The Remedial Heist - Half a Titan Fund Walked Out of Goonswarm (2007)
Background: Remedial as Goonswarm's founder
Goonswarm grew out of a SomethingAwful EVE megathread in late 2005, taking in waves of internet-forum refugees as fresh recruits in frigates and cruisers. The character Remedial was its first recognisable leader. By the time the alliance proper formed on 3 June 2006 he had merged the sister corporations GoonWaffe and GoonPlatoon into Goonfleet and was already understood by the membership as the alliance's founder. His personal style - charismatic, mercurial, prone to dramatic resignations and equally dramatic returns - was the alliance's identity for the next year and a half.
The leadership timeline alone tells the story. The Ancient Gaming Noob's 2022 brief-history reconstruction found Remedial holding the CEO chair in four distinct streches between September 2005 and May 2007: September 2005, then back; December 2005 to February 2006, then back; February 2006 to June 2006, then back; and finally July 2006 to May 2007. Each departure was sold to the membership as final. Each return was greeted as a homecoming. The directorate itself, in the eventual 2007 announcement, would note that Remedial had quit publicly three times and (to the inner circle, the "illuminati") several additional times in private. The pattern was visible from outside the alliance well before 2007.
The Mittani's 2009 Sins of a Solar Spymaster taxonomy of alliance-leader failure modes would later classify Remedial as a textbook "Dear Leader" alongside Sir Molle of Band of Brothers and Bobby Atlas of Atlas Alliance: a charismatic founder around whom a personality cult forms, "maddeningly common in EVE" and "hard to exterminate without utterly ruining the reputation of whichever Dear Leader is inspiring their charges." The diagnosis was retrospective, but it described Goonswarm-under-Remedial well.

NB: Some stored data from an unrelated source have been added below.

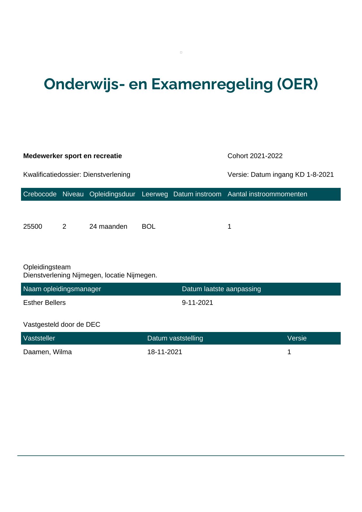 Medewerker sport en recreatie 25500BOL-NYM in cohort 2021-2022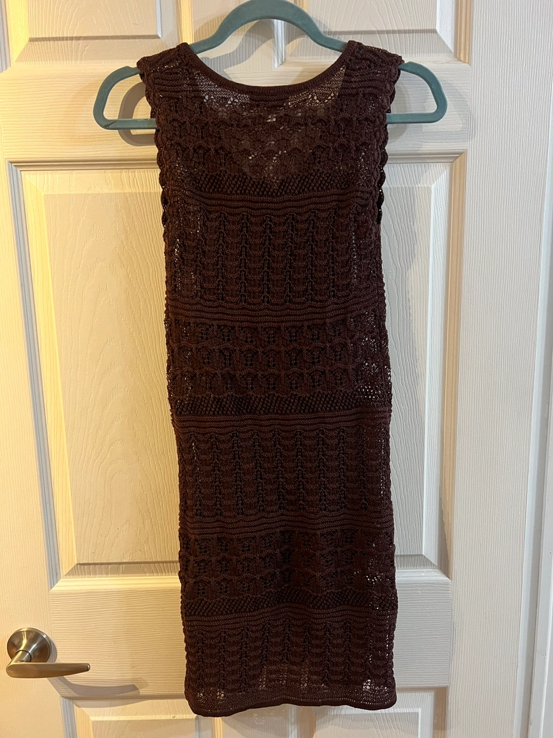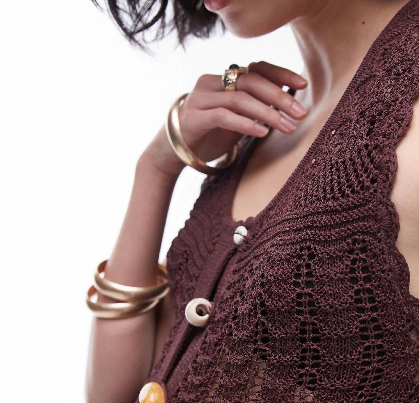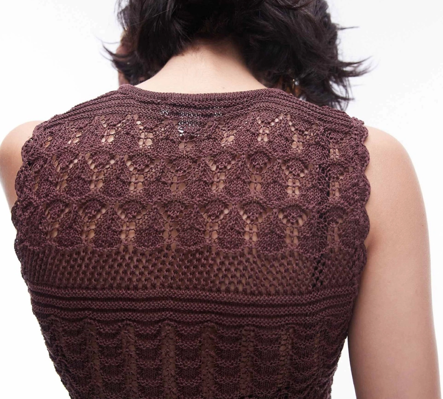 Selling a cute Topshop crochet vest in a lovely brown colour! It's a size XS (US 0-2, UK 32-34). The vest features unique shell-like buttons down the front, adding a touch of bohemian style to any outfit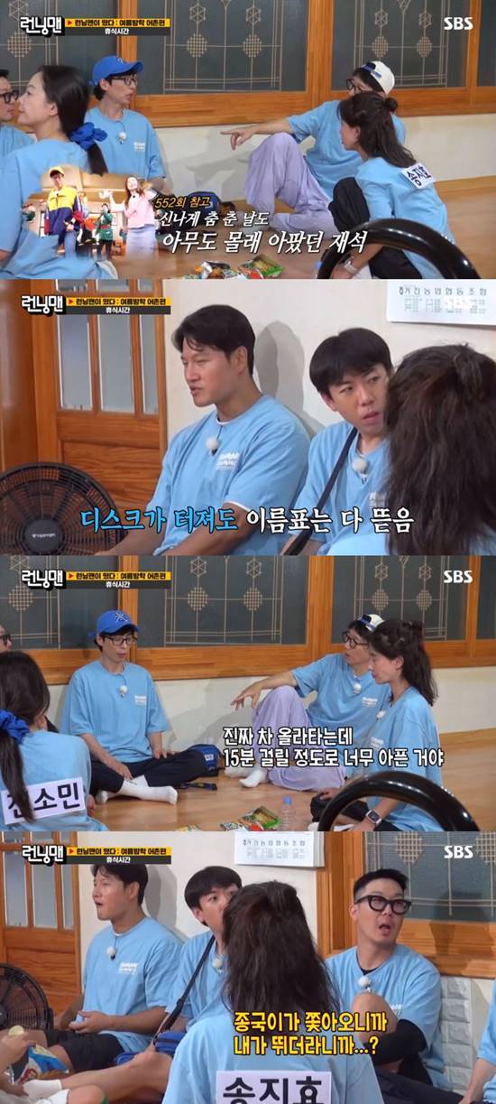 지석진은 "나도 디스크 터지고 와서 이틀 촬영했다. 차에 올라탈 때 15분 걸릴 정도로 너무 아팠다"라며 입을 열었다. 그러면서 그는 "근데 종국이가 쫓아오니까 내가 뛰더라"라며 디스크가 터져 몸이 성치 않았을 때도 웃음에 늘 진심인 모습을 보였다.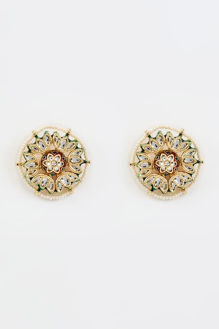 Gold plated earrings with white kundan, polki embellishments.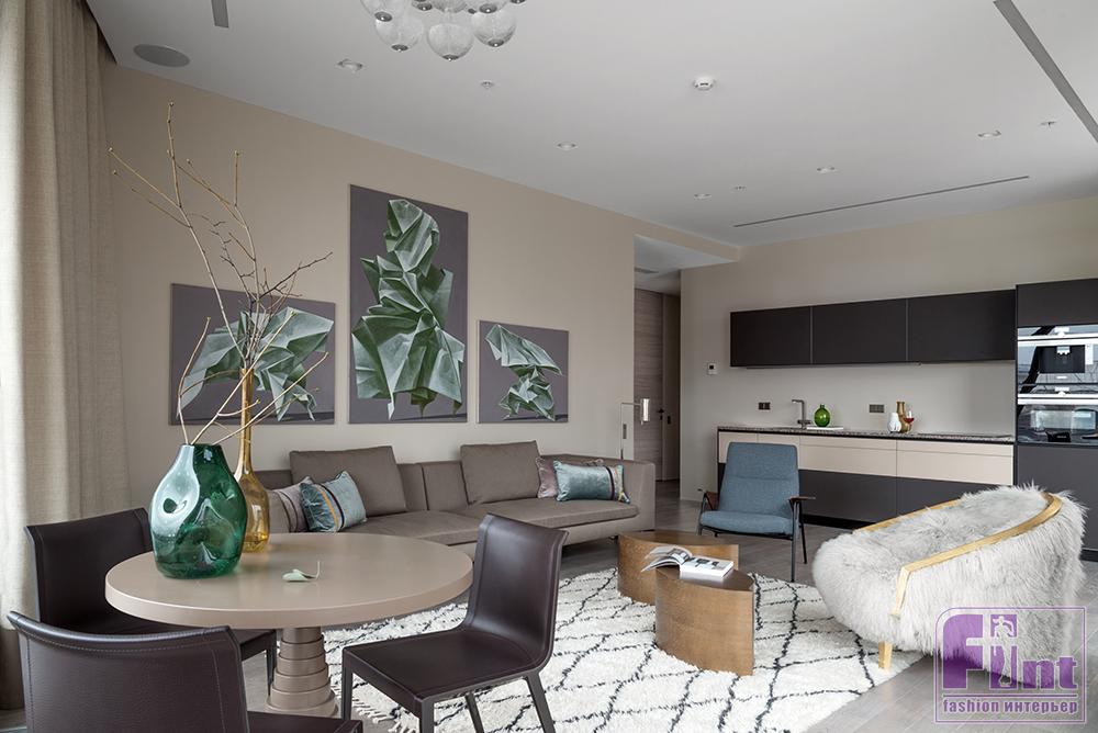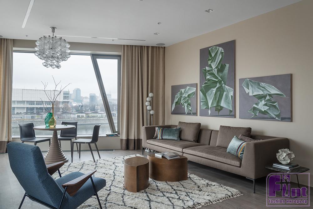 В работе над апартаментами на Пречистенской набережной в качестве отправной точки Наталья использовала концепцию отделки входной группы и зон общего пользования всего дома. А вид на Третьяковскую галерею вдохновил дизайнера на оформление пространства апартаментов современным искусством. Без объектов современного искусства не обошлось даже в санузле. Цветовой палитрой проекта были выбраны пастельные оттенки, а схожесть расположенного напротив апартаментов здания ЦДХ, со знаменитой венецианской жемчужиной архитектуры Палаццо Дожей привнесла в оформление апартаментов особый колорит и экзотические нотки итальянского стиля.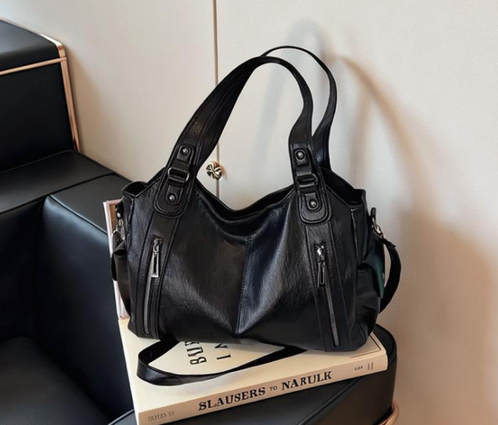 “Create a short commercial-style video featuring a woman holding a black leather handbag. She’s walking down a sunlit city street in a chic minimalist outfit, the camera following her from a side angle. As she pauses, she adjusts the bag on her arm and glances at it with a confident smile. The video should capture close-up shots of the leather texture and metal details as she moves. Add soft background music and natural lighting that highlights both the model’s movements and the bag’s elegant design.”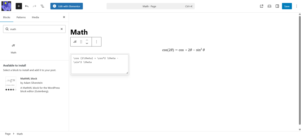 The Math Block allws you to insert mathematical formulas in content. Just write in LaTeX, and WordPress renders it automatically.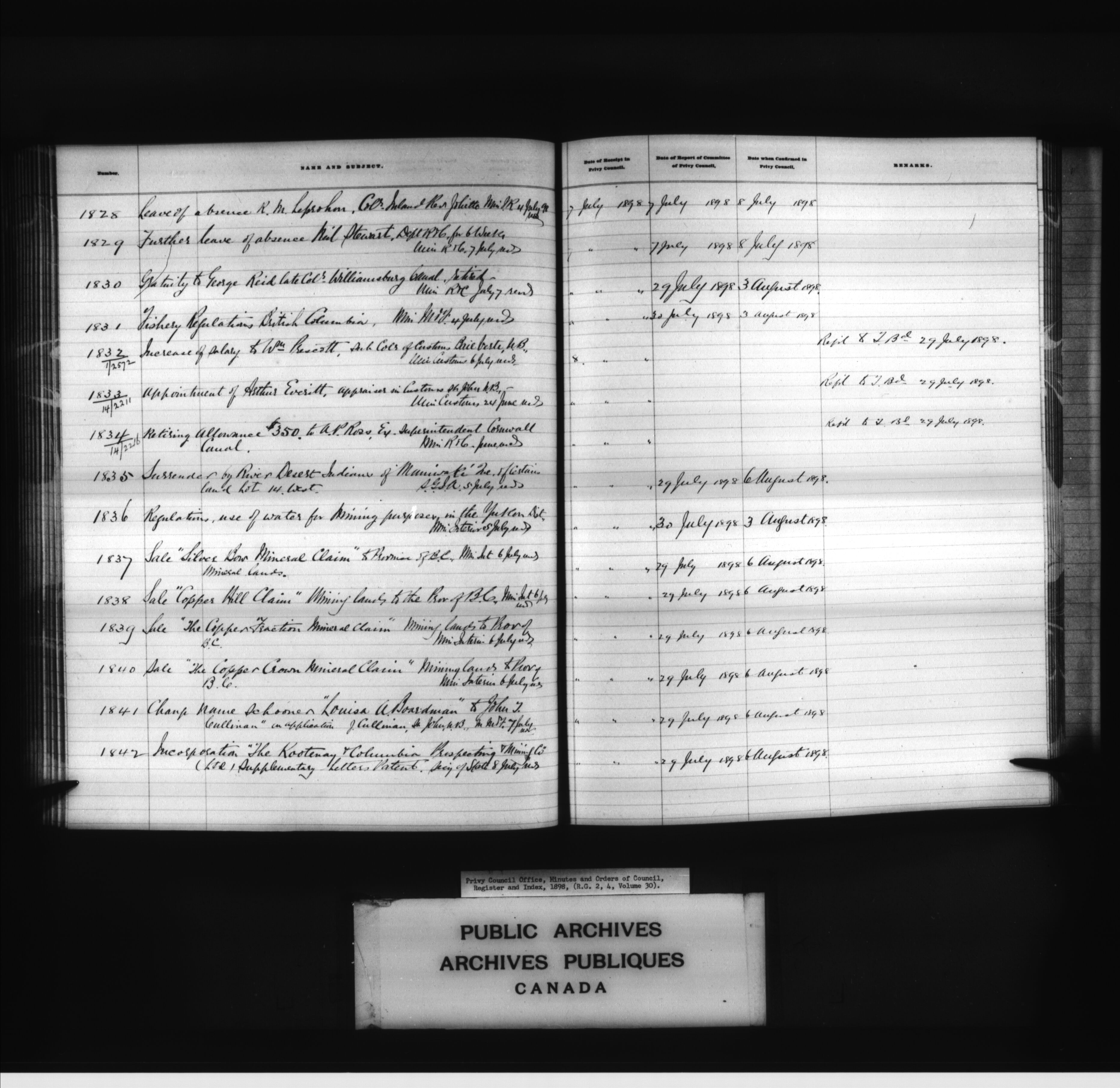 Privy Council Office, Orders in Council : indexes and registers : C-4809

The 2006 hacking incident: what shared-password era meant
In September 2006, Goonswarm was warring with the Southern Coalition out of Insmother. A Shinra director named Lallante began posting word-for-word rips from the directorate-only sub-forums of Goonfleet.com. Panic, then forensic work, then the answer: Lallante had been paying a hacker called Kugutsumen 500 million ISK per week for cookie-level access to Remedial's admin account. The breach had run undetected for approximately a month before a Goonswarm sleeper agent inside Lotka Volterra surfaced it.
The Mittani would write the first-person account three years later: "Lallante had been given an altered cookie which allowed him to log into our forums as Remedial, the CEO of Goonfleet, which meant that he could see everything that took place on our forums." This was the technical baseline of 2007-era alliance EVE: shared accounts, no two-factor authentication, a breach of one CEO account exposed the entire directorate. The detail will matter when the same forum thread in 2007 talks casually about a "password change" as if it were a hostile act.
Spring 2007: the $2,800 and the Goonstore
In April 2007 Remedial was cut off financially by his parents and could not make rent. The membership, in a gesture that would later look both touching and naive, took up a collection for him. The donation came in at $2,800. The directorate accepted it without objection on the basis of what Stranger Ranger would later call "the massive influence, leadership and time Remedial had devoted to our community."
His rent secure, Remedial opened the Goonstore, selling Goonswarm-branded merchandise for personal profit. The directorate again accepted the move at the time. He was the founder; the brand was his to monetise; the merchandise was light enough that nobody felt fleeced. With hindsight the membership donation and the Goonstore would be read as the first frictions of an arrangement that was about to deteriorate, but in April and May 2007 they were friction nobody felt.
The titan fund
In May 2007 Remedial formally handed Goonswarm leadership to The Mittani, citing the pressures of a wedding and law finals. He kept his "illuminati" access - the senior-director tier above the formal directorate - so the handoff was less an exit than a delegation. Around the same time he created a character named Titanfund on his account, which the alliance used as the collection wallet for a community fundraising drive aimed at building Goonswarm's first titan.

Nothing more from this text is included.